南相馬市、AIと衛星データを活用した農地維持支援を開始
福島県南相馬市に本社を置くLAND INSIGHT株式会社が、同市および全国で進行中の「中山間地域等直接支払制度」を支援するため、新たな実証事業に着手しました。このプロジェクトは、農地維持の支援を目的としています。共同のパートナーとして、Penguin Labs合同会社が参加し、AIや衛星データを活用した革新的な手法で実施されます。
農地維持を支える背景
中山間地域等直接支払制度は、平地に比べて生産条件が厳しい中山間地域の農業を維持するために設けられた国の制度です。2024年度には531億円もの交付金が予定されていますが、実際には制度の対象となる農地の実施率は低く、農林水産省の推計によれば、急傾斜農地では約54%、緩傾斜農地では約31%と、全体の36%にとどまります。これにより、6割以上の農地が支援を受けていない現状があります。
この背景には、農業の担い手不足や高齢化、制度への認知不足、申請手続きの負担が存在します。これらの課題を受けて、農林水産省は2026年から「プッシュ型支援」へと制度を変更し、地方自治体が農地の特定と活用を促進する方向への転換を打ち出しています。
実証事業の内容と仕組み
南相馬市での実証事業は、旧石神村・旧上真野村エリアにある約12,000筆の農地を対象に行われます。ここでは、衛星データや地形データをAIで分析し、対象候補農地を抽出するシステムの構築を目指します。
1. 交付対象農地の可視化
国土地理院が提供する標高データや衛星データを駆使し、交付の要件を満たす可能性のある農地を一筆単位で抽出します。分析の結果は視覚的に提供され、傾斜や農地のまとまりを色分けした状態で確認することができます。
2. 制度の活用状況の把握
抽出した交付対象農地と実際の交付状況を比較し、制度が活用されていない地域を特定します。これにより、南相馬市が優先的に支援を行なうべき集落を明示し、行政側の働きかけを強化します。
3. 交付見込額の試算
対象農地について、年間の交付見込額を算出し、これを集落や農家への説明に役立てます。
4. 業務の効率化
抽出した情報は申請業務にも利用できるよう整備し、AI技術を活用して業務の効率を高めることを狙っています。
実施体制
本事業は南相馬市、Penguin Labs、LAND INSIGHTが一体となって実施します。

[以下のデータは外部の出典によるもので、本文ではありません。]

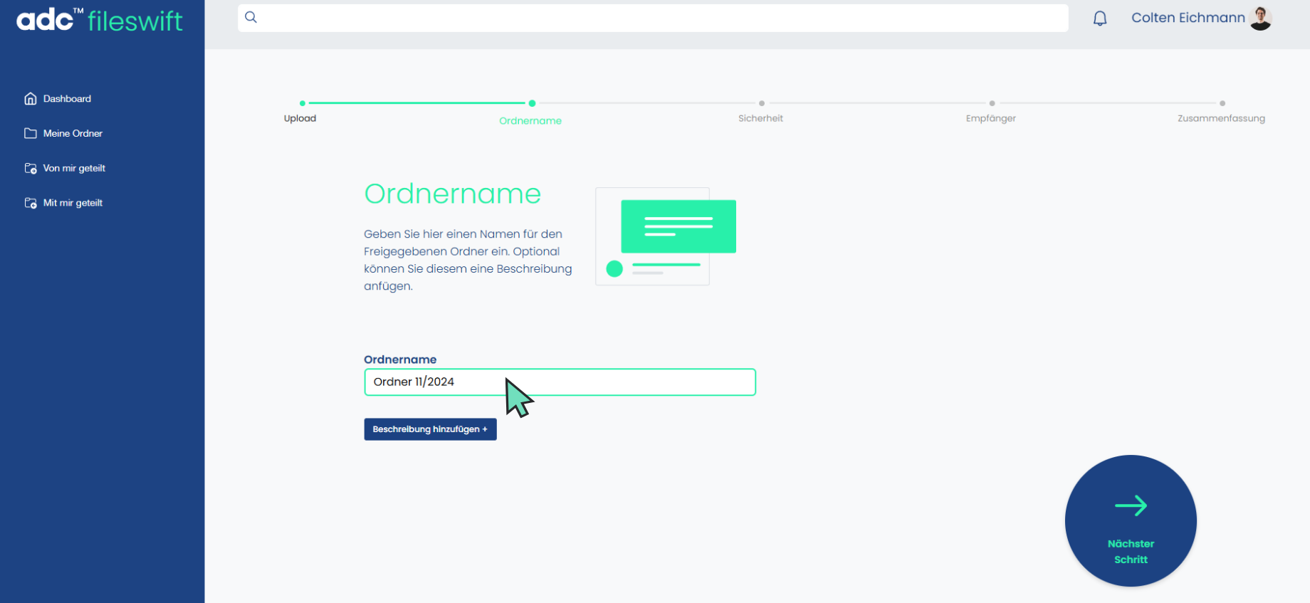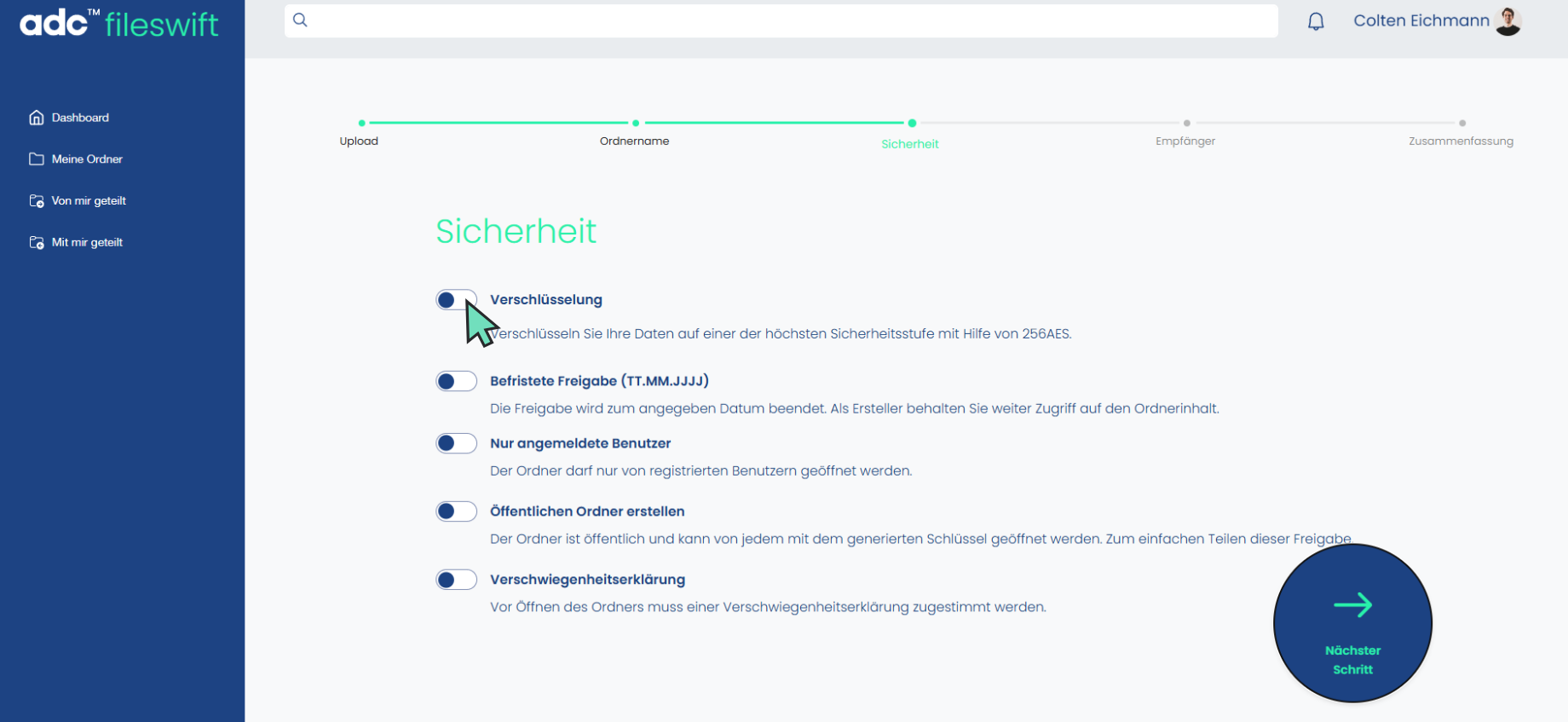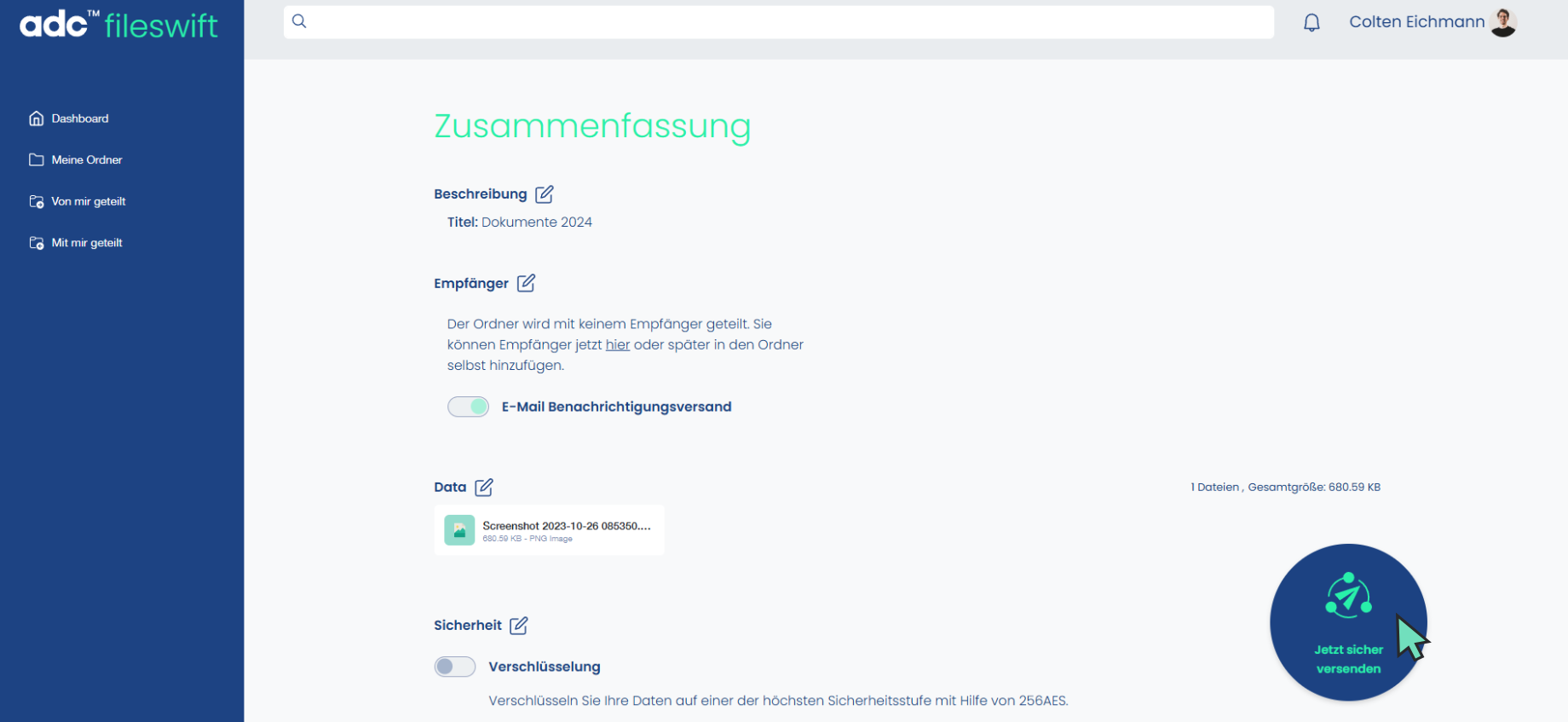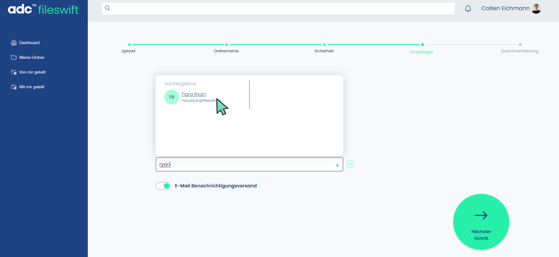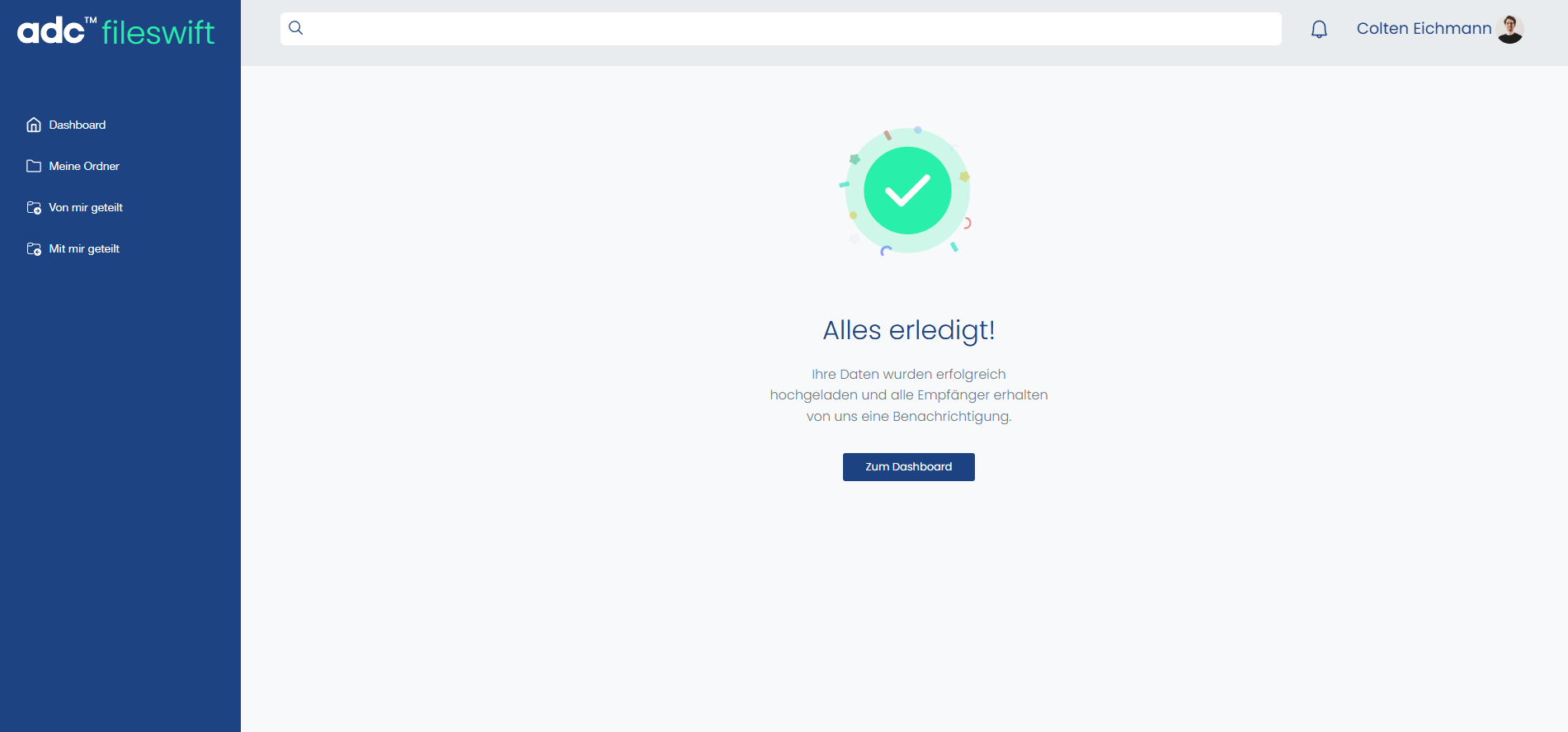 Ihre Daten werden jetzt hochgeladen und der Zugangslink wird an die ausgewählten Empfänger verteilt.

- - 南相馬市:実証フィールドの提供及び集落への働きかけ
- - Penguin Labs:衛星・地形データの解析および対象農地可視化システムの開発
- - LAND INSIGHT:地方自治体や農家のヒアリング調査を通じた現場課題の整理
未来に向けた展望
今回の実証事業の成功を受け、LAND INSIGHTとPenguin Labsは全国の中山間地域への導入を目指します。また、現場でのデジタル化を進めることで、中山間地域の農地維持と制度活用の促進に貢献することが期待されています。地理空間インテリジェンス技術を活用した新たなサービスの拡大にも期待がかかる状況です。
今後、南相馬市から始まるこのプロジェクトが中山間地域の農業を支える大きな力となることを願っています。